Confesso que isso dentro de meu “eu” doía muito, pois jamais peguei um tostão se quer de ninguém para ocultar esta ou aquela notícia sobre determinado cidadão, quer seja ele pobre, mediana ou milionária, e Deus e minha consciência sabe disso.
A VERDADE CUSTA CARO, MAIS VALE A PENA...!

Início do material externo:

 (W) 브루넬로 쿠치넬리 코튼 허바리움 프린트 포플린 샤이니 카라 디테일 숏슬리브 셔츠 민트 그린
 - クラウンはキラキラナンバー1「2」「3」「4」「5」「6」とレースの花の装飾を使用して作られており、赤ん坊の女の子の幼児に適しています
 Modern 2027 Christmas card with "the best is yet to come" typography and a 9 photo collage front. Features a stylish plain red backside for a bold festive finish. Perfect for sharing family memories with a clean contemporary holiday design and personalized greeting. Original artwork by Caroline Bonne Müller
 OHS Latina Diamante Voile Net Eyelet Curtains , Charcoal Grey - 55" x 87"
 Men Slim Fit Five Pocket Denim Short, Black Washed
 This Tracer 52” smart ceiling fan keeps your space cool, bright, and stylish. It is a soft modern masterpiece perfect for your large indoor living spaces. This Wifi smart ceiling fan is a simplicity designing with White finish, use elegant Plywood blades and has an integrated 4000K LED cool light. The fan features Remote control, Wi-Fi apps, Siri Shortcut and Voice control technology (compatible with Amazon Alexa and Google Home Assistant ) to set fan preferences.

Voltando agora para dentro desta filosofia de que “manda quem pode, obedece quem tem juízo” do meu amigo chefe Prudêncio Campos, que Deus o tenha em bom lugar, criei uma para satisfazer a mim mesmo, que era o de ver tal fato que com certeza sabia que pelo tráfico de influência e principalmente pelo conservadorismo, não iria para a página policial ou para o microfone ou para a telinha da TV local.
Um dia rolando pelas ruas da cidade e pensando nesta barreira -tráfico de influência e conservadorismo- no jornalismo, descobri que três classes muito importantes da sociedade poderiam em muito me ajudar, e como ajudaram na época, uma vez que entendi que se a pessoa quer fazer uma notícia, principalmente as ruim, andar pela cidade, basta “contar ela para um garçom; para uma prostituta e para uma cabeleireira, pronto, tá dada à notícia”.

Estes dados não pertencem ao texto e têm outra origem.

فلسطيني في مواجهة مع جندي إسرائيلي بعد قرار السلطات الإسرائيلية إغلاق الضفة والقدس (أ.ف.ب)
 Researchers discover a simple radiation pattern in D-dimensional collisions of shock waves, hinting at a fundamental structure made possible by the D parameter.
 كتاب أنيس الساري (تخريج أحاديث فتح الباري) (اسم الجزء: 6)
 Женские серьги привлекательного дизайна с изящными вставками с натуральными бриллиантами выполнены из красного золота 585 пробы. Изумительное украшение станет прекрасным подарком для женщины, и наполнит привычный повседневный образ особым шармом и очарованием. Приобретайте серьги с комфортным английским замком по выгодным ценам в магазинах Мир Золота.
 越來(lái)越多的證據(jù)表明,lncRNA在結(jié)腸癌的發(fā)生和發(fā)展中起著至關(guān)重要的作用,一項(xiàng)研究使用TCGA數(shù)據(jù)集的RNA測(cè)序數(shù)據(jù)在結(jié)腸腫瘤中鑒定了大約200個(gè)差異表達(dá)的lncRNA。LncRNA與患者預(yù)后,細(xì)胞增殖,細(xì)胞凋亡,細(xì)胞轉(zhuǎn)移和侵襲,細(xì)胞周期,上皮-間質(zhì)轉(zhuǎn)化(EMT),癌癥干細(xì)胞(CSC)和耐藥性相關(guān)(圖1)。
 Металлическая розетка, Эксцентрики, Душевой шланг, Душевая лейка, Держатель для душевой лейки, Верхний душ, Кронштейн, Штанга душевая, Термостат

Assim passei a fazer a notícia de uma forma digamos assim, virtualmente de boca a boca, pois estas três classes sociais lidam com o povo no seu cotidiano, e elas ainda davam crédito. “Olha, fulano esteve na delegacia e foi o Russo que me contou toda a história” e com isso pelo menos pude ver o meu trabalho, que em muitas das vezes era sacrificado, pois tinham que deixar minha mulher e filhas sozinhas em casa nas madrugadas de sábados, domingos e feriados, para ir em busca dos fatos para serem divulgados, nas periferias, nas aldeias e rodovias e até mesmo nas delegacias, como prisões de pessoas envolvidas com o tráfico e até mesmo traficantes, assaltos à mão armada; furtos qualificados, tentativas e homicídios, acidentes com vítimas fatais, suicídios entre outros delitos, a serem divulgados de verdade, mais no boca a boca, quando nos casos havia a presença de pessoas influentes envolvidas nos delitos tanto como autores ou como vítimas.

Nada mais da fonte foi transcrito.